One of the biases that can influence traders is availability bias. It’s the tendency to open or close positions based on the first available information, rather than trusted one. Using false or unverified information can increase the risk and lead to higher losses.
Think deeper and go beyond what’s happening right now.
Doing extensive research and analysis is the way to prevent availability bias. 56% of traders use the Internet for this purpose; others use newspapers, publications of financial advisers, TV, and podcasts. After all, trading depends on the world situation a lot. For example, a full-scale invasion of Ukraine caused unstable and fast-changing market conditions and the global economic outlook has worsened. Consider the objective probabilities of such events over the long run.
4. Losses are just a part of the game
Loss aversion can result in disappointment in the event of a major loss. Our mind considers it as something opposite to the same gain. People don’t like to lose what they have and traders aren’t an exception. Therefore, when on a losing streak, they strive to avoid risk.
But only the game can teach you the game.

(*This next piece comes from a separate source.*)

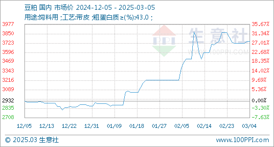 3月5日,生意社豆粕基准价为3744.00元/吨,与本月初(3722.00元/吨)相比,上涨了0.59%。

Imagine a situation where a trade is about to open. In this trade, a trader is told that there is a chance to make $100 or lose it. Most likely, a trader with a loss aversion bias won’t open it since there is a strong belief that $100 will be lost.

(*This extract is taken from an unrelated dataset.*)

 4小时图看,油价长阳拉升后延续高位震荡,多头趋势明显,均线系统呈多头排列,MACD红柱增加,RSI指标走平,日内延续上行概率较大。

Being overconfident is the opposite of having a loss aversion bias. Most likely, an overconfident trader will open multiple trades without thinking about their loss potential.
We don’t even know what is more harmful to a trader. As such, it would be better to find a golden mean. But even if you fail, treat your losses as a part of your trading journey.
5. Risk management is everything
As a trader, your focus should be on minimizing losses. It’s impossible to cut your losses, but possible to reduce their probability if you stick to risk management rules.
Focus on risk, not on profit.
Risk management helps traders prevent the downside of a trade. More risk means a bigger chance of tangible, positive outcomes or a higher chance of major losses. Therefore, the ability to manage risk to maximize gains and minimize losses is a key skill for traders.
What does it take? When entering and exiting positions, you should establish the correct position size, set stop losses, and control emotions. When implemented well, these measures can prove to be the difference between profitability and being a losing trader. Simply put, focus on risk, not on profit.
6. Knowing vs. Doing
Knowing does not mean doing. In trading, there are a few guidelines traders should follow to succeed, which often go ignored. These guidelines are about:
- making a trading plan;
- focusing on one or two strategies;
- sticking to the trading plan;
- trading in a demo account until it proves profitable over many trades.
People read these tips so frequently that they stop considering them to be the real ones. That’s the difference between knowing a concept and following it strictly. Instead of following these tips, they do quite opposite things.
Winners never quit, quitters never win.
Traders need a system to follow it religiously. It’s not about the lack of knowledge. It’s about psychology and discipline. If you stick to three values – dedication, time, and effort, you will eventually come to a stage where you know when to jump to catch a rat. You need a disciplined mind unattached to money, that’s the only way to succeed in trading. Treat it like a business and focus on long-term growth.
7. Anchoring bias
This tendency is about a misplaced reliance on an initial piece of information, regardless of its relevance. It can have unpleasant consequences in trading, as traders make inadequate assessments of assets’ worth grounded on the anchor value.
You can avoid it by doing comprehensive research and analysis of the Forex market to define your own anchor.
Your biases and lack of experience impact the way you make and implement trading decisions a lot. Knowing what you should or shouldn’t do isn’t enough. You need to build healthy trading habits to help prevent biases from clouding your judgments.
Trading is not just about making money, it’s also about personal growth and self-discovery. So, equip yourself with our tips, stay resilient, and enjoy the journey as you work towards achieving your trading goals.